[Pacemaker] Pacemaker very often STONITHs other node

Mon Dec 9 10:34:10 UTC 2013

> Hello,
>
> Still did not receive any hints from you. And you are definitely my 
> only hope before I switch to Proxmox or (even worse) some commercial 
> stuff.
>
> At least can you tell mi if mode 4 could cause trouble with Corosync?
>
> Thanks!
>
According to your logs, posted before, the reason was:

Nov 23 15:18:50 rivendell-B lrmd: [9526]: WARN: XEN-acsystemy01:stop 
process (PID 20760) timed out (try 1).  Killing with signal SIGTERM (15).
Nov 23 15:18:50 rivendell-B lrmd: [9526]: WARN: operation stop[115] on 
XEN-acsystemy01 for client 9529: pid 20760 timed out
Nov 23 15:18:50 rivendell-B crmd: [9529]: ERROR: process_lrm_event: LRM 
operation XEN-acsystemy01_stop_0 (115) Timed Out (timeout=240000ms)

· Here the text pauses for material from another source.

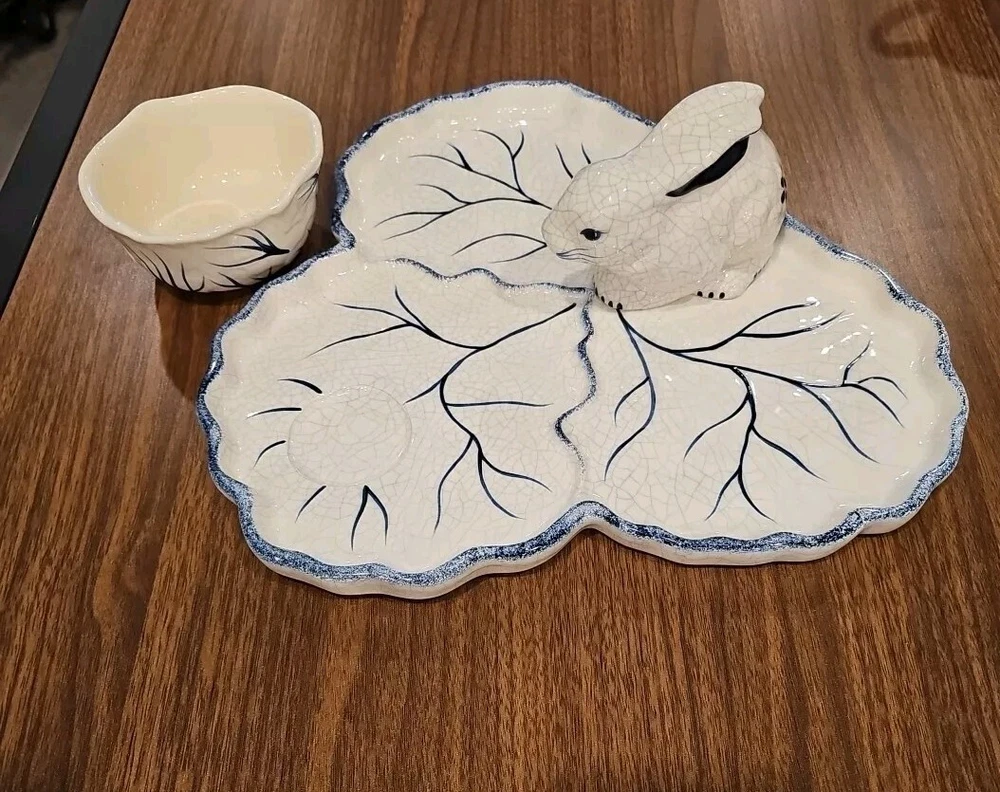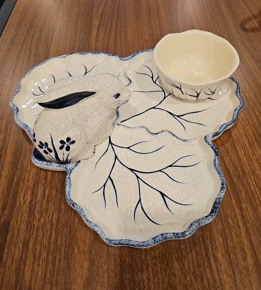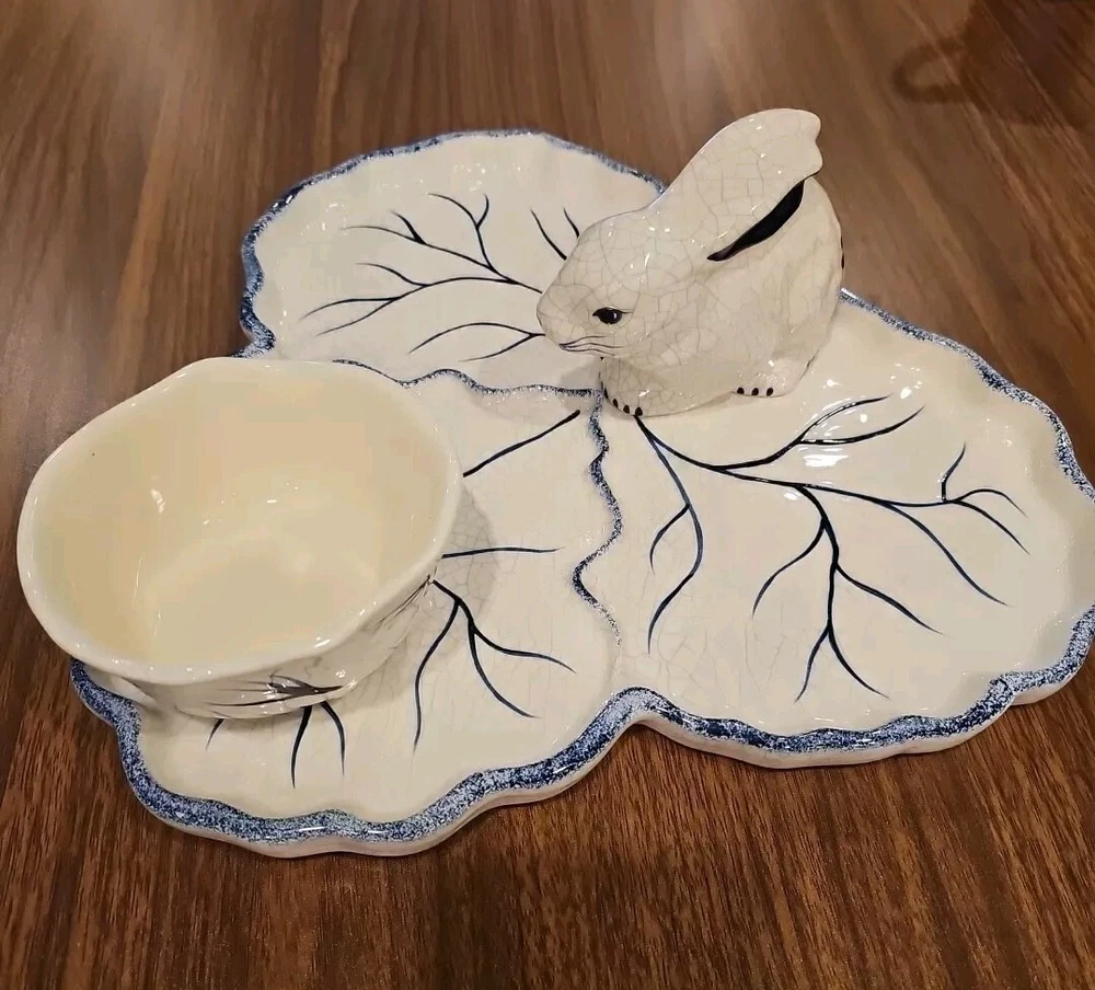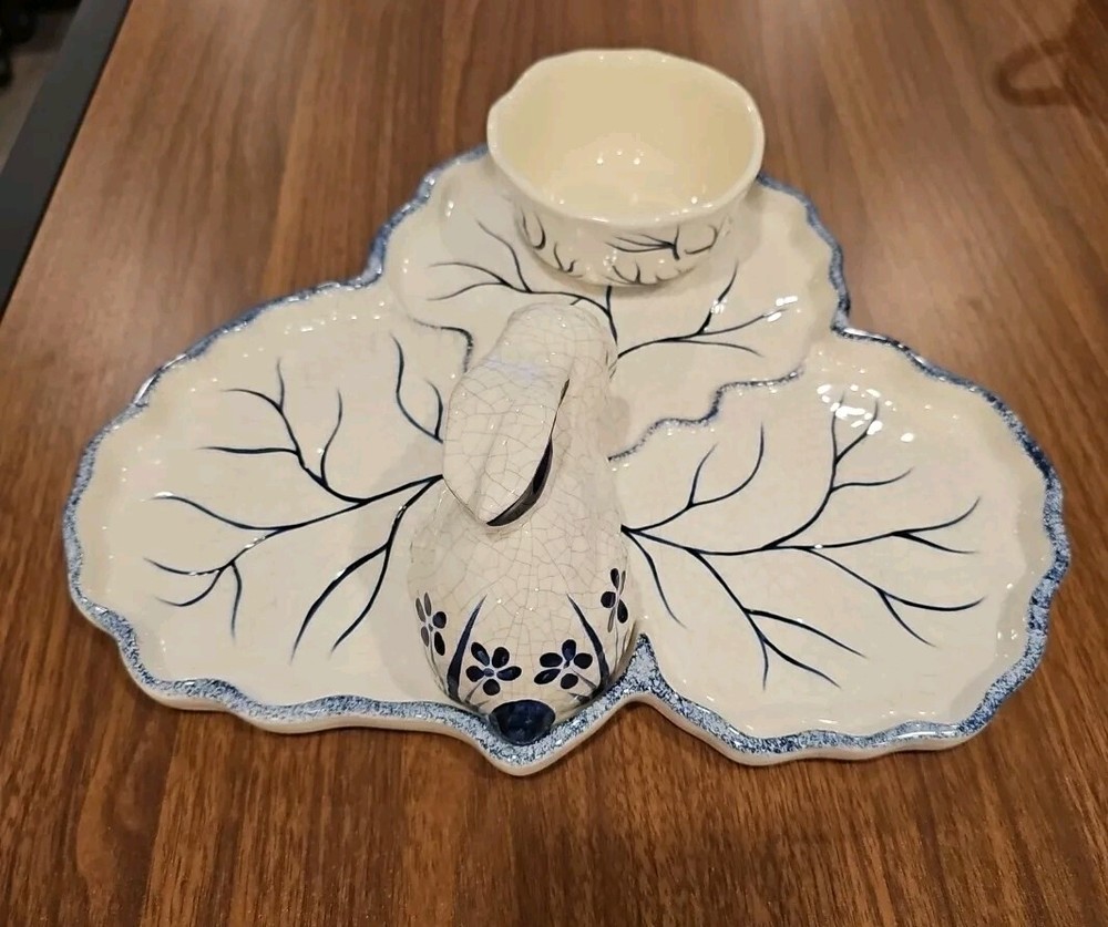 This is a Vintage Dedham Rabbit/Bunny 2 Piece Chip and Dip Set perfect for Easter. It is a large blue ceramic/porcelain serving piece featuring a rabbit design. The item measures 14.5 inches in length and was manufactured in 1993 in the United States. The set includes a chip and dip bowl with a glazed finish. Its in excellent condition with no chips or cracks.

Then rivendell-A did its job:

Nov 23 15:18:45 rivendell-A crmd: [8840]: WARN: status_from_rc: Action 
117 (XEN-acsystemy01_stop_0) on rivendell-B failed (target: 0 vs. rc: 
-2): Error
Nov 23 15:18:45 rivendell-A crmd: [8840]: WARN: update_failcount: 
Updating failcount for XEN-acsystemy01 on rivendell-B after failed stop: 
rc=-2 (update=INFINITY, time=1385216325)
Nov 23 15:18:45 rivendell-A crmd: [8840]: info: abort_transition_graph: 
match_graph_event:277 - Triggered transition abort (complete=0, 
tag=lrm_rsc_op, id=XEN-acsystemy01_last_failure_0, 
magic=2:-2;117:5105:0:e3a546ba-30f9-4d69-803a-d27b
0ef626c4, cib=0.3259.139) : Event failed
Nov 23 15:18:45 rivendell-A crmd: [8840]: notice: run_graph: ==== 
Transition 5105 (Complete=11, Pending=0, Fired=0, Skipped=28, 
Incomplete=2, Source=/var/lib/pengine/pe-input-69.bz2): Stopped
Nov 23 15:18:45 rivendell-A crmd: [8840]: notice: do_state_transition: 
State transition S_TRANSITION_ENGINE -> S_POLICY_ENGINE [ 
input=I_PE_CALC cause=C_FSA_INTERNAL origin=notify_crmd ]
Nov 23 15:18:45 rivendell-A pengine: [8839]: notice: unpack_config: On 
loss of CCM Quorum: Ignore
Nov 23 15:18:45 rivendell-A pengine: [8839]: WARN: unpack_rsc_op: 
Processing failed op primitive-LVM:1_last_failure_0 on rivendell-B: not 
running (7)
Nov 23 15:18:45 rivendell-A pengine: [8839]: WARN: unpack_rsc_op: 
Processing failed op XEN-acsystemy01_last_failure_0 on rivendell-B: 
unknown exec error (-2)
Nov 23 15:18:45 rivendell-A pengine: [8839]: WARN: pe_fence_node: Node 
rivendell-B will be fenced to recover from resource failure(s)
Nov 23 15:18:45 rivendell-A pengine: [8839]: notice: 
common_apply_stickiness: clone-LVM can fail 999999 more times on 
rivendell-B before being forced off
Nov 23 15:18:45 rivendell-A pengine: [8839]: notice: 
common_apply_stickiness: clone-LVM can fail 999999 more times on 
rivendell-B before being forced off
Nov 23 15:18:45 rivendell-A pengine: [8839]: WARN: stage6: Scheduling 
Node rivendell-B for STONITH

So, what happens? :)
Rivendell-B tried to stop XEN-acsystemy01, but couldn't do that due to 
time out of operation. Failure on stop operation is fatal by default and 
leading to stonith.
Rivendell-A caught this and fence rivendell-B.
You also have got some other problems, like clone-LVM not running (but 
it is'nt fatal).

I think your servers is overloaded due to one DRBD for all VM's. You 
must increase timeout of operations or do something with cluster 
configuration.
As for me, i use configuration with one drbd per virtual machine drive, 
moderated timeouts and 802.3ad bonding configuration without problems.